Setup LLM environments

For each LLM you want to use, provide an LLM API key, even if only a dummy one is needed. Only provide a key if you want to use that particular LLM provider. All provided keys will be used in parallel to generate a matrix of successes per LLM provider.
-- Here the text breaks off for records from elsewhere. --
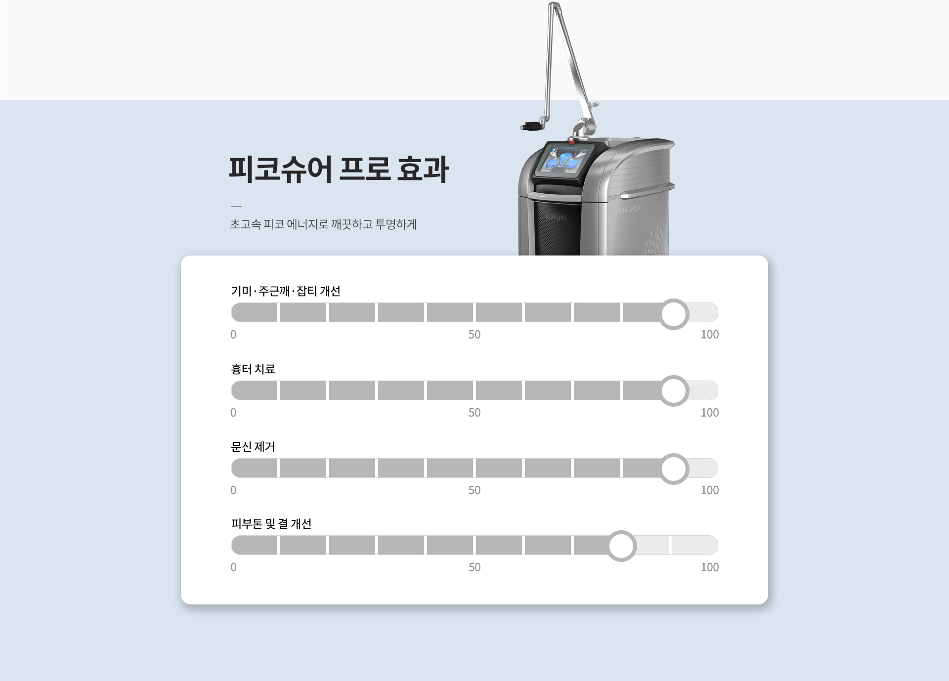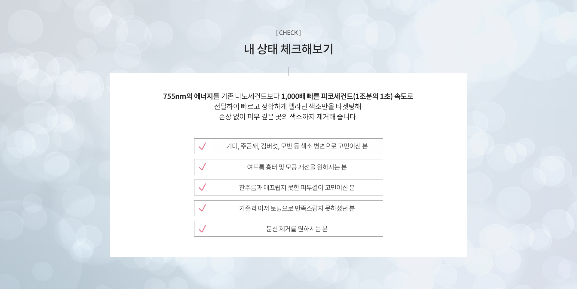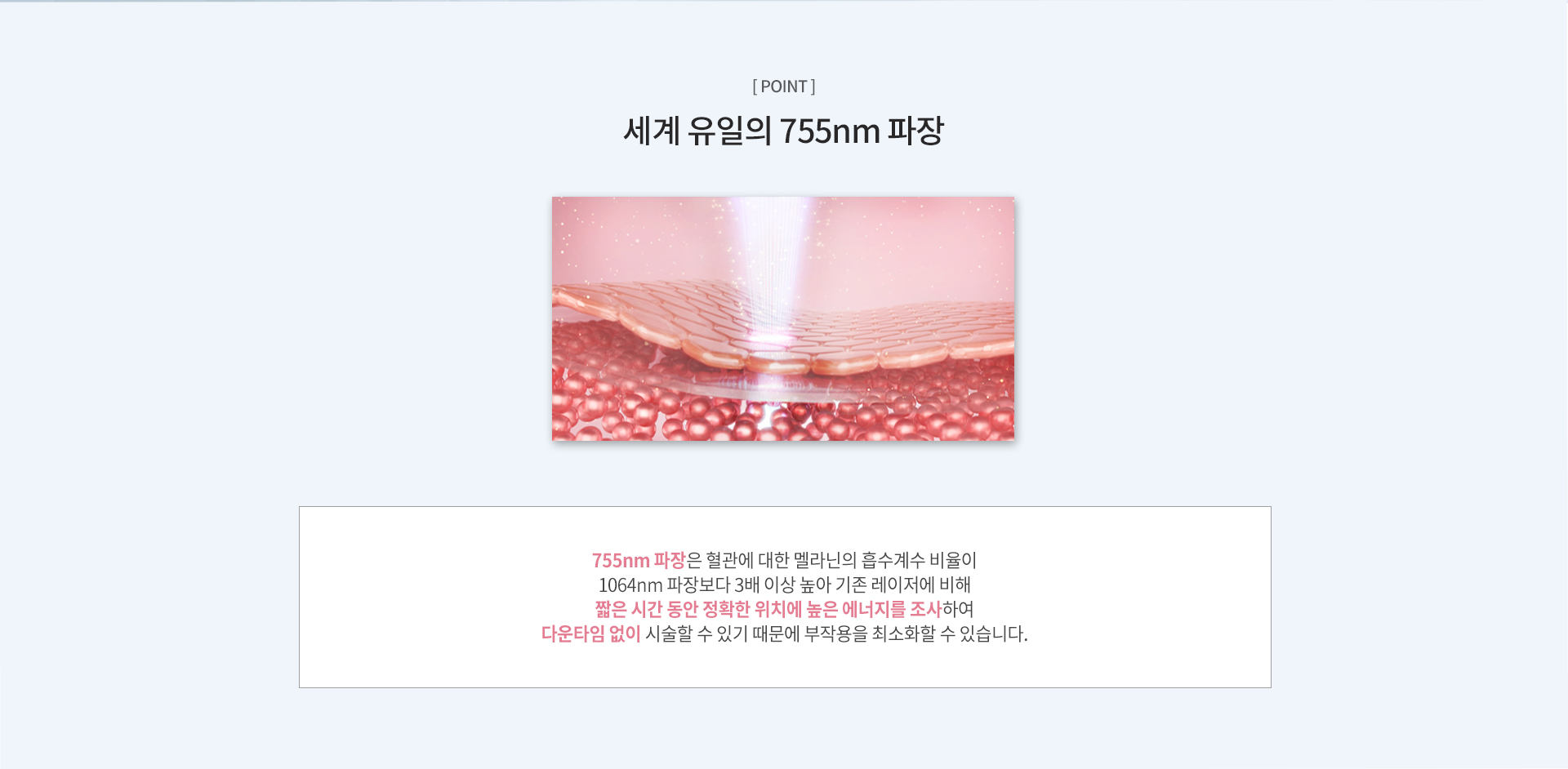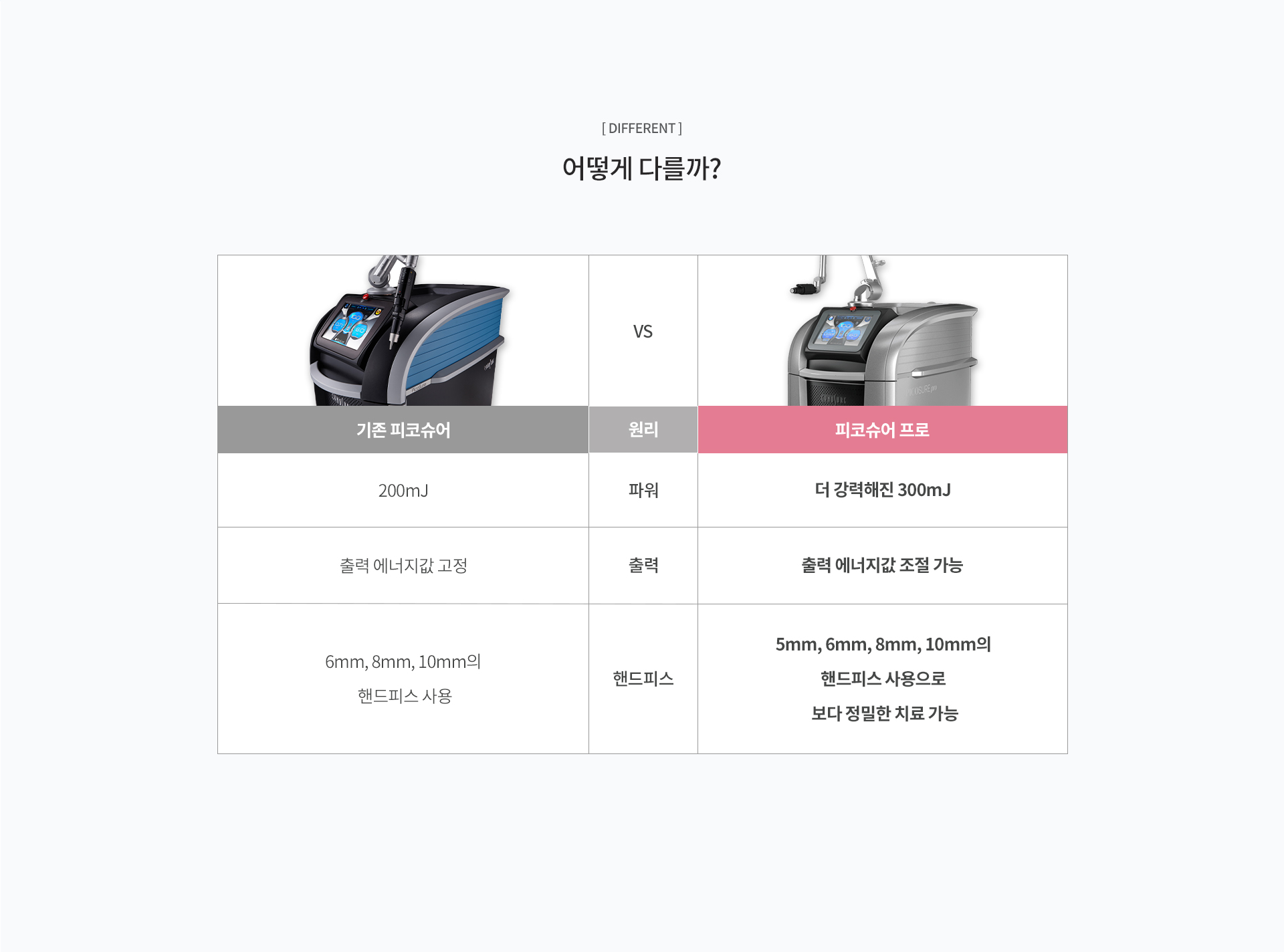 피코슈어프로는 755nm의 에너지를 기존 나노세컨드보다 1,000배 빠른 피코세컨드(1조분의 1초) 속도로 빠르고 정확하게 멜라닌 색소만을 타겟팅해 제거해 주는 시술입니다.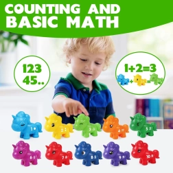 Vsak samorog ima številko, ki pomaga otrokom pri učenju štetja med igro.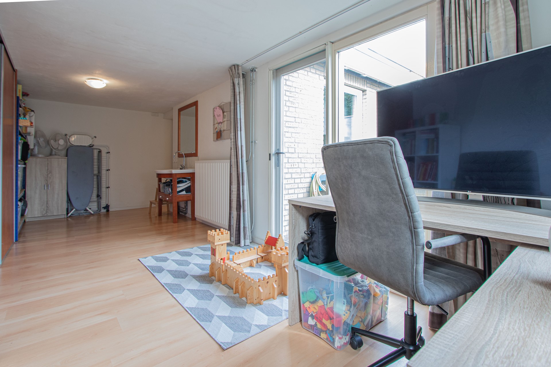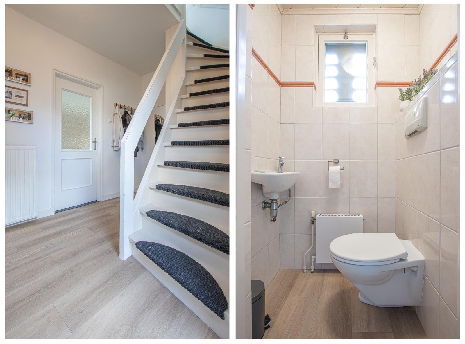 Begane grond: Ontvangsthal - gastentoilet met fonteintje - garderobe – trappenkast – moderne meterkast (2024) – uitgebouwde eet-/woonkamer met schuifpui – halfopen keuken in U-opstelling -praktische bijkeuken met witgoedaansluitingen - multifunctionele ruimte (kantoor, speelkamer of voor salon aan huis) en een inpandige garage (ca. 14.7m²).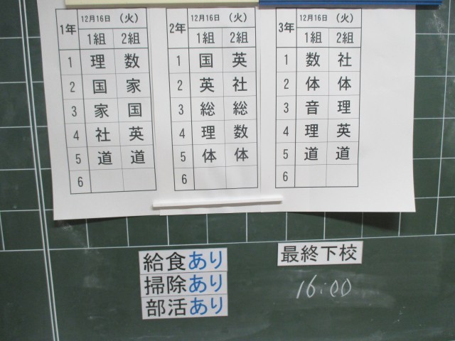 12月16日(火)の時程について 50分の5校時、給食あり、掃除あり、14:55帰りの会、部活動後16:00下校完了となっています。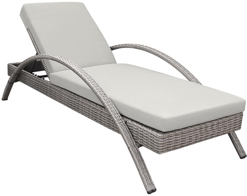 With 5 adjustable positions, the Aloha chaise lounge keeps you in the perfect position to enjoy the weather, lounge, read, or take a mid-day nap. Maintenance and upkeep are easy tasks with this outdoor chaise, as the cushions feature a convenient zipper closure that makes cover removal and cleaning a breeze. The polyester upholstery on this patio chaise lounge is not permeated easily by water. Secondly, polyester resists the types of molds and mildews that will take root in fabrics made of natural fibers. The frame and beautiful elongated arms are constructed in a beautiful resin wicker weave making this pool chaise lounge long lasting and durable. Resin wicker is nonporous and dyed all the way through. It is loaded with ultraviolet light treatment so the color stays true and fresh for years to come. It is resistant to a variety of chemical solvents, lighter stronger, harder, and can withstand higher temperatures, and can withstand temperatures of 230 degrees Fahrenheit. The patio chaise lounge can store away easily when needed as they are stackable. The all-weather wicker is wrapped around an aluminum frame, making it lightweight and easy to move and reconfigure when needed. Use these chaise lounge chairs for outside or indoor environments and enjoy the benefits of the adjustable back height, weather resistant materials, and sleek style all year round. The Aloha adjustable beach chair is available in your choice of grey or white wicker, both come with grey cushions.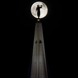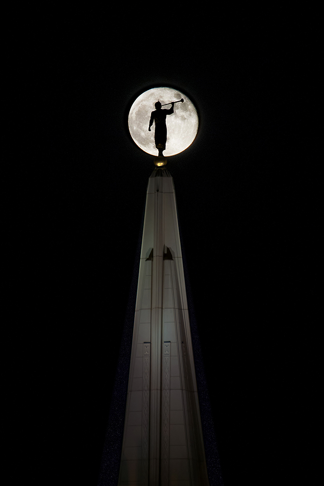The angel Moroni, placed on top of most temples of the Church, is silhouetted against the Arizona moon. This statue is 195 feet above the ground, is 16 1/2 feet tall and was placed atop the Gilbert Arizona Temple 15 May 2012.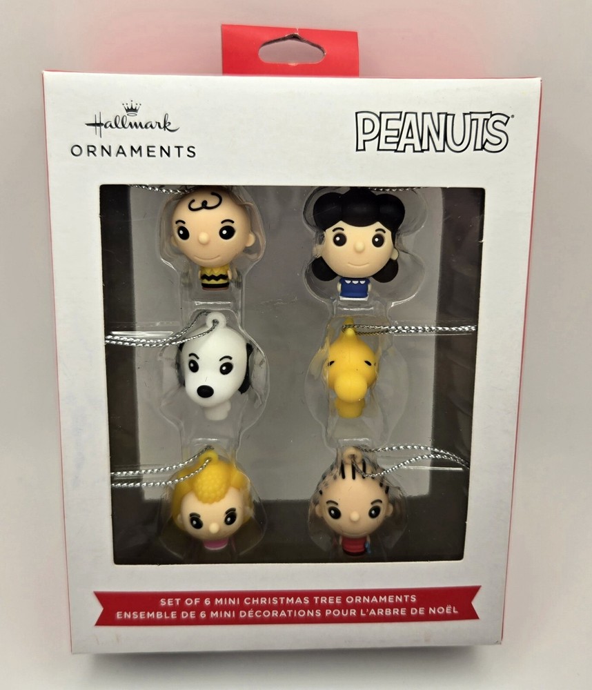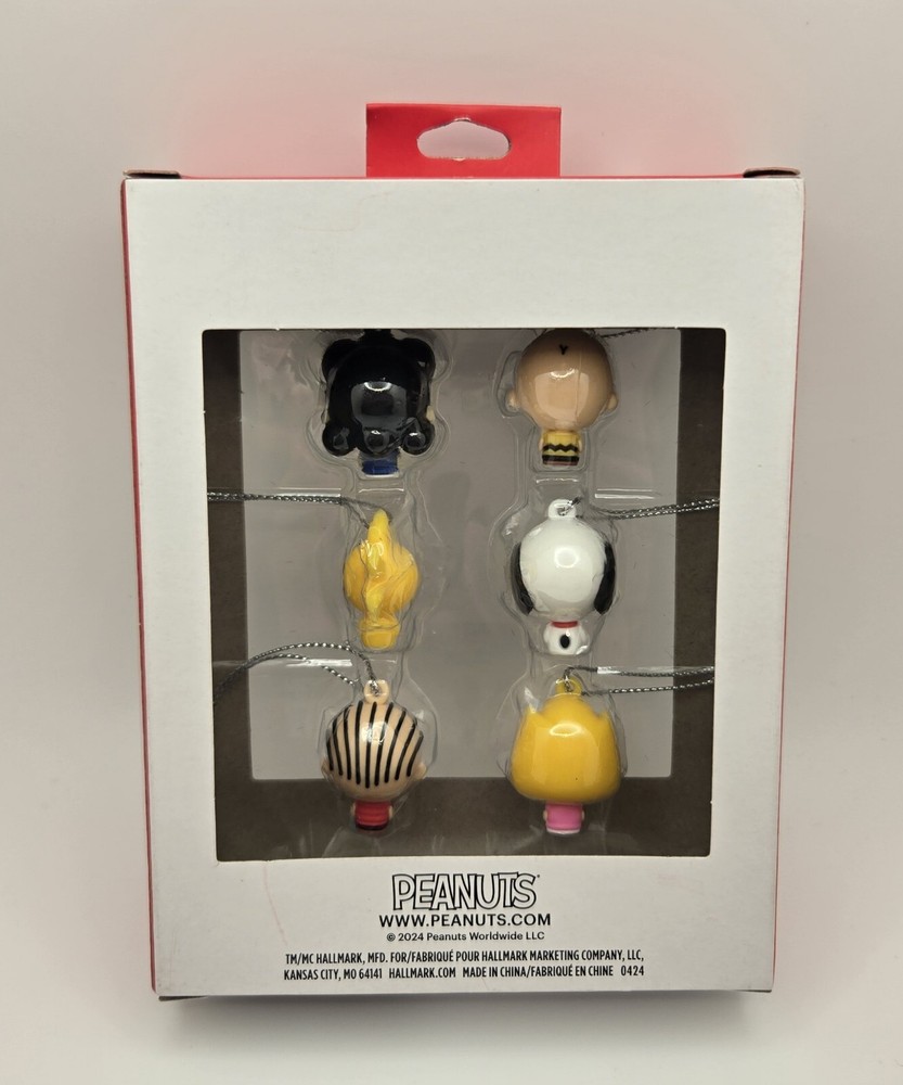 *Shipping with USPS Ground Advantage. Packaged with care (bubble wrap and cardboard shipping box). Smoke-free home.* The product is a set of 6 miniature Peanuts character ornaments by Hallmark for the year 2024. The characters included are Snoopy, Sally, Lucy, Charlie Brown, Woodstock, and Linus. Each ornament is 1 inch tall, features a multicolor design, and comes boxed for easy storage. These ornaments are perfect for Christmas and are part of the Peanuts collection, making them a delightful addition to any holiday decor.

export OLLAMA_API_KEY=ollama
export ANTHROPIC_API_KEY=...
export GEMINI_API_KEY=...
export OPENAI_API_KEY=...

Run

Help reference

python puzzle_solver.py --help

Sanity check

python puzzle_solver.py --name-prefix HelloWorld:0

Run all puzzles, saving stdout/stderr to file results.txt

python puzzle_solver.py  >results.txt 2>&

Fallback to LLMs

python puzzle_solver.py --name-prefix ListIn:1  --llm

Current status

The symbolic execution alone currently solves:

69% (247 out of 360) of int puzzles,
45% (165 out of 363) of str puzzles,
24% (142 out of 591) of List[int] puzzles,
90% (46 out of 51) of float puzzles,
27% (38 out of 141) of List[str] puzzles,
42% (638 out of 1506) overall.

with the following errors:

51 timeouts after 3 seconds at staging time (while generating the SMTLIB program)
292 errors at staging time
41 SMTLIB programs returning sat but the original sat function failing on synthesized model input,
493 SMTLIB programs returning non-sat:
- 75 unsat
- 165 unknown
- 253 timeout (after 2 seconds)
- 0 sat but failed to extract solution variable
209 (out of 1715) puzzles not yet even attempted because their type is not int or str, such as float, list (of various specialization), etc.

Extrapolation

194 smaller problems tried
59 successes on smaller problem

Earlier extrapolation results

123 smaller problems tried
11 successes on smaller problem
9 successful extrapolations

Extrapolated puzzles

Study_1:0 PandigitalSquare:0 CircularShiftNum:2 WeirdDecodeVowels:0 TripleDouble:0 MaxDelta:0 MinConsecutiveSum:2 MaxConsecutiveSum:0 BirthdayParadox:0 BirthdayParadox:1 Tutorial5:0

Successfully extrapolated puzzles

Study_1:0 PandigitalSquare:0 WeirdDecodeVowels:0 TripleDouble:0 MaxDelta:0 MinConsecutiveSum:2 MaxConsecutiveSum:0 BirthdayParadox:0 Tutorial5:0

Matrix

claude (extrapolate) 8 1 1 0 1 1 0 1 1 1 0 1
claude (end-to-end) 5 1 1 0 1 0 0 0 0 1 1 0
claude (SMTLIB) 0 0 0 0 0 0 0 0 0 0 0 0
gemini (extrapolate) 5 0 1 0 1 1 1 1 0 0 0 0
gemini (end-to-end) 5 0 0 0 0 1 1 0 1 1 0 1
gemini (SMTLIB) 0 0 0 0 0 0 0 0 0 0 0 0
ollama (extrapolate) 2 0 0 0 0 0 0 1 0 0 0 1
ollama (end-to-end) 2 0 0 0 0 0 0 0 0 1 0 1
ollama (SMTLIB) 0 0 0 0 0 0 0 0 0 0 0 0

Source map

.
├── README.md
├── benchmarks
│   └── PythonProgrammingPuzzles benchmark added as git submodule
├── holey
│   ├── __init__.py
│   ├── backend.py backend to SMTLIB batch processes
│   ├── core.py includes tracer, symbolic classes, ...
│   ├── llm.py support for LLM generation and code extraction
│   └── preprocessor.py includes node transformer and sat driver
├── log
│   └── results.txt example run
├── puzzle_solver.py main routine for benchmark solver
├── pyproject.toml
└── tests
└── test_core.py ran with python -m pytest, basic and LLM-generated

Contribute!

I need help in completely fleshing out the symbolic executor as well as designing and implementing LLM-based heuristics to complement it. See the contributing guidelines, in particular discussing a workflow to find and fix issues driven by the benchmarks.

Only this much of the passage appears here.